**DATA SUPPLIED**
******

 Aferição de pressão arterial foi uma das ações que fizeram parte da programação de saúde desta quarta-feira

******

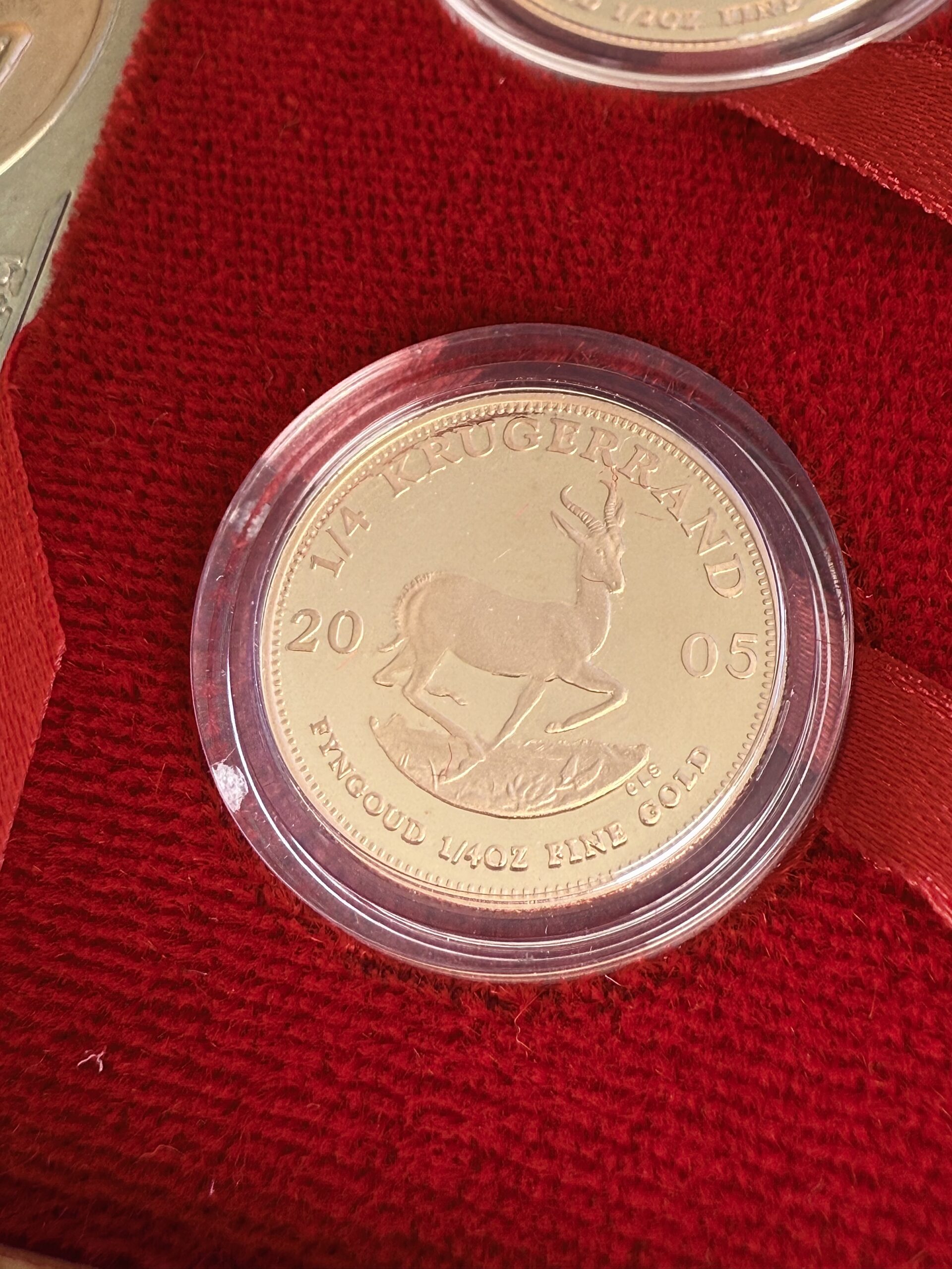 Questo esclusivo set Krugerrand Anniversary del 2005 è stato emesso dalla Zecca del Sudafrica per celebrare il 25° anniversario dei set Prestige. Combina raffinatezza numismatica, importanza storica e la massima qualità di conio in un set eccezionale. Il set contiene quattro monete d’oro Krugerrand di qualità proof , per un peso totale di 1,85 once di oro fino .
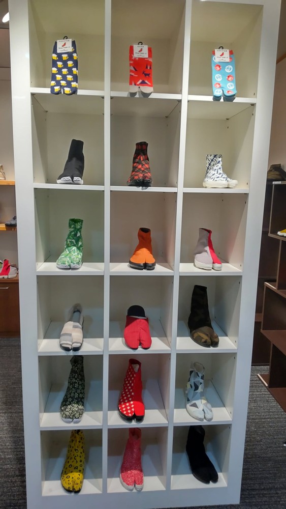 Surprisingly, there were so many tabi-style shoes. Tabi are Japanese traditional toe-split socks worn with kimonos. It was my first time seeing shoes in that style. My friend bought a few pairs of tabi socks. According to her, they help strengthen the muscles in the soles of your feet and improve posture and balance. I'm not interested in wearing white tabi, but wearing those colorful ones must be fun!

******

**EXERCISE**
Copy the entries above exactly, but only the stretch from the line containing "Questo esclusivo set" through the line containing "Surprisingly, there were". Keep both end lines; drop the pictures.

**EXERCISE ANSWER**
 Questo esclusivo set Krugerrand Anniversary del 2005 è stato emesso dalla Zecca del Sudafrica per celebrare il 25° anniversario dei set Prestige. Combina raffinatezza numismatica, importanza storica e la massima qualità di conio in un set eccezionale. Il set contiene quattro monete d’oro Krugerrand di qualità proof , per un peso totale di 1,85 once di oro fino .
 Surprisingly, there were so many tabi-style shoes. Tabi are Japanese traditional toe-split socks worn with kimonos. It was my first time seeing shoes in that style. My friend bought a few pairs of tabi socks. According to her, they help strengthen the muscles in the soles of your feet and improve posture and balance. I'm not interested in wearing white tabi, but wearing those colorful ones must be fun!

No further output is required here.